The importance of religion within the Greek Cypriot community was reinforced when the Archbishop of the Church of Cyprus, Makarios III, was elected the first president of the Republic of Cyprus in 1960. For the next decade and a half, enosis was a key issue for Greek Cypriots, and a key cause of events leading up to 1974 when Turkey invaded and occupied the northern part of the island. The island remains divided today, with the two communities almost completely separated. Many Greek Cypriots, most of which lost their homes, lands and possecions during the Turkish invasion emigrated mainly to the UK, Australia and Europe. There are today over 200,000 Greek Cypriots emigrants living in Great Britain.
By the early 1990s, Greek Cypriot society enjoyed a high standard of living. Economic modernization created a more flexible and open society and caused Greek Cypriots to share the concerns and hopes of other secularized West European societies. The Republic of Cyprus joined the European Union in 2004, officially representing the entire island, but suspended for the time being in the Turkish occupied north.

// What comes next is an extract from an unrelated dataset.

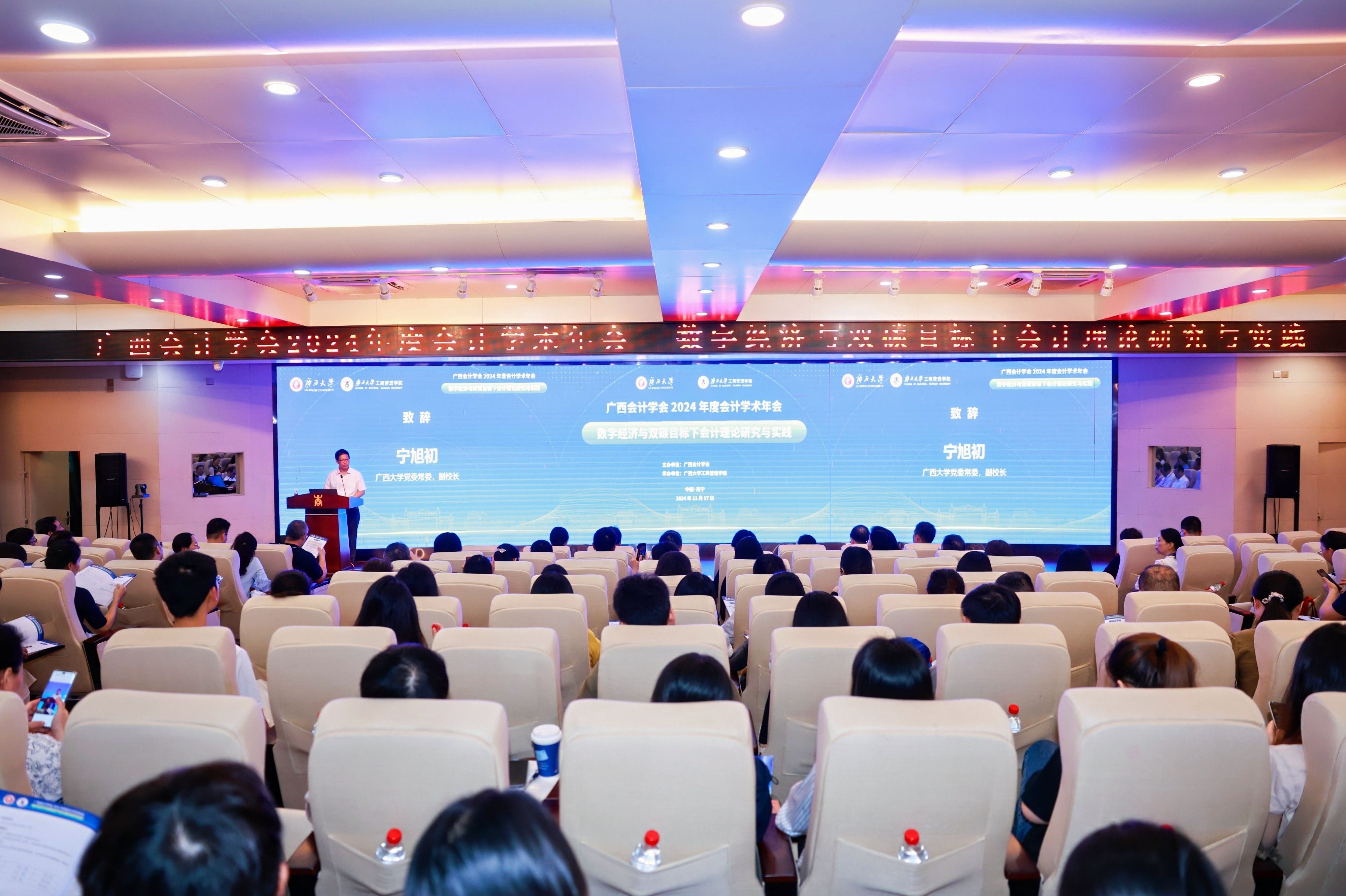 11月16日至18日,由广西会计学会主办,beat365官方网站承办的广西会计学会2024年度会计学术年会在我校举行。beat365官方网站党委常委、副校长宁旭初,广西会计学会会长兰丽萍,广西壮族自治区财政厅副厅长陈海涛出席开幕式并致辞。beat365官方网站党委常委、副校长夏国恩会见了与会嘉宾。广西会计学会秘书长、财政厅会计管理处处长黄高留主持开幕式。

[edit] Greek Cypriot dialect
The Greek Cypriot dialect is an idiom distinct from the formal Greek language (note that different idioms exist on many of the Greek islands) as it is spoken in mainland Greece. It is considered by linguists to be the second most important non-standard variety of modern Greek, after the Pontic Greek dialect spoken by Greek populations on the Black Sea Coast of Anatolia. Although all Cypriots understand mainland Greeks (as the vast majority of Greek language media is produced in mainland Greek), and all Cypriots are taught standard Greek in the Cypriot educational system, the Cypriot variety is not always mutually intelligible with the standard variant (mainly because of local pronunciation and idiomatic structures). This is particularly true of many of the localized Cypriot idioms spoken in western Cyprus, around Pafos and in the Troodos mountains.
The Greek Cypriot dialect is a source of pride for the Greek Cypriot population - many Greek Cypriots consider the dialect to be closer to the Classical Greek language than standard Greek, thus providing a direct linkage between Greek Cypriots and noted ancient Greeks such as Homer and Plato. There are few scholarly works in English that explore the Cypriot dialect, probably because it is spoken by a limited number of people.
In many ways, the Greek Cypriot pride and interest in perpetuating their unique dialect and distinct identity from the mainland Greeks is similar to that of the Turkish Cypriots' interest in doing so with respect to the mainland Turkish dialect and population.